Os astrônomos acreditam que o anel de detritos que eles observam ao redor desta estrela pode ser muito semelhante ao que existia ao redor do Sol antes dos planetas gigantes entrarem em sua órbita. A estrela tem apenas 23 milhões de anos — um mero sopro comparado aos 4,6 bilhões de anos do nosso Sol — e seu disco é cerca de três vezes maior que o Cinturão de Kuiper, abrangendo cerca de 18 bilhões de quilômetros.
“O gelo na Terra é cristalino; ele se forma sob as condições certas para assumir uma forma hexagonal”, explica Pinilla-Alonso. “O gelo amorfo, por outro lado, forma-se rapidamente e, portanto, não tem tempo para se organizar. Este é o tipo de gelo mais comum no universo. Curiosamente, no Cinturão de Kuiper, o astrônomo de Webb nos mostrou que todos os objetos com água contêm água cristalina, o mesmo tipo agora detectado em HD 181327, algo que não sabíamos antes e estamos tentando explicar”, explica.
Webb tornou possível observar a chamada linha de neve: o limite além do qual todos os elementos estão na forma de gelo. Nas partes mais próximas da estrela, a presença de gelo de água é quase inexistente devido ao calor, enquanto nas partes mais distantes ele representa até 20% da composição total.
Os astrônomos acreditam que os corpos que orbitam dentro do anel estão colidindo uns com os outros, gerando corpos maiores que podem um dia se tornar planetas. Esses impactos também espalham partículas de gelo do tamanho de milímetros por todo o sistema. A presença de monóxido de carbono e possivelmente dióxido de carbono, juntamente com minerais essenciais, também foi confirmada nesta estrela, explica Pinilla-Alonso; o que torna esse sistema ainda mais semelhante ao nosso.
“Provavelmente estamos vendo coisas muito semelhantes ao que aconteceu na origem do nosso próprio sistema solar”, explica Pinilla-Alonso. “Os sistemas solares começam com o disco protoplanetário de poeira e gás, depois discos de detritos como este e, finalmente, a formação planetária. Webb detectou a presença de gelo em todos esses estágios. Observar este disco, e provavelmente outros que virão, nos permite compreender as pontes entre essas diferentes fases pela primeira vez”, acrescenta o astrônomo, que recentemente ingressou na Universidade de Oviedo como parte do programa Atrae e foi coautor do estudo com colegas das Universidades da Flórida e do Arizona, e do Instituto do Telescópio Espacial, o centro da missão James Webb .

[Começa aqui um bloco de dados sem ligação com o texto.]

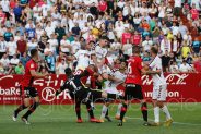 Abdón Prats puso un nudo en la garganta a todo el Albacete Balompié, rematando muy bien con la testa un centro desde la banda derecha por mediación de Salva Sevilla y que de no haber sido por una nueva intervención salvadora de Tomeu Nadal habría besado las mallas del cuadro de Luis Miguel Ramis. Por suerte, todo siguió igual después de la gran intervención de San Tomeu Nadal.
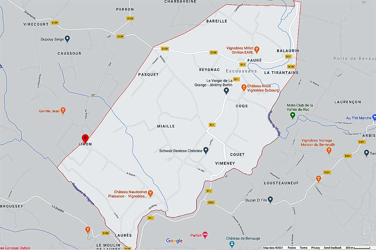 - Escoussans et le site de Liron en rouge
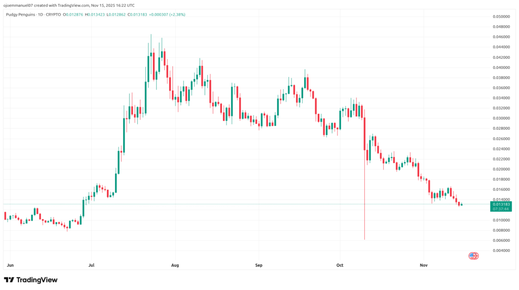 The token trades near a key resistance zone at $0.017 after weeks of consolidation. A clean breakout would open the door to $0.02 and beyond. With a DreamWorks collaboration, Times Square billboards, and major Web3 funding behind it, PENGU is shaping up as one of the stronger meme-adjacent plays entering the next cycle.

Guillem Anglada , pesquisador do Instituto de Astrofísica da Andaluzia (IAA-CSIC), que não participou do estudo, destaca seu valor. “É uma descoberta muito importante, embora não totalmente inesperada”, argumenta. O astrônomo se concentra no estudo de discos protoplanetários, e sua equipe confirmou a presença de gelo nesses anéis usando telescópios espaciais e terrestres. Quando a estrela atinge seu primeiro milhão de anos, sua radiação evapora quase todo o gás, deixando apenas poeira da qual se forma o disco de detritos. "Este trabalho mostra claramente que há um reservatório de gelo nas camadas mais externas que se espalha mais tarde graças à colisão" de corpos de poeira e rocha, que impactam "continuamente", argumenta Anglada.
A linha de neve marca um limite crucial aqui. Corpos carregados de gelo empurrados por planetas gigantes podem cruzar a fronteira e eventualmente colidir com planetas rochosos, formando oceanos de água líquida. "Foi isso que aconteceu no nosso sistema solar, mas é apenas uma teoria. Ainda estamos longe de saber como isso acontece, e cada caso pode ser um caso", alerta Anglada.

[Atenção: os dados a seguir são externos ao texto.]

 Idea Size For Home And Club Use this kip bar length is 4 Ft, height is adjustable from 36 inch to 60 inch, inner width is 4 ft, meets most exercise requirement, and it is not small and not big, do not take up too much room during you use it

Um evento catastrófico como o causado pelos gigantes gasosos ainda não ocorreu na estrela observada, mas é provável que possa ocorrer. Há estudos preliminares que sugerem a presença de planetas neste cinturão. E se não houvesse nenhuma, os autores deste novo estudo estimam que elas poderiam se formar em cerca de outros 100 milhões de anos. Enquanto isso, mais perto de casa, dados continuam a se acumular sobre a possível presença de um nono planeta no sistema solar que poderia estar interrompendo o movimento de corpos gelados nas áreas mais remotas do Cinturão de Kuiper.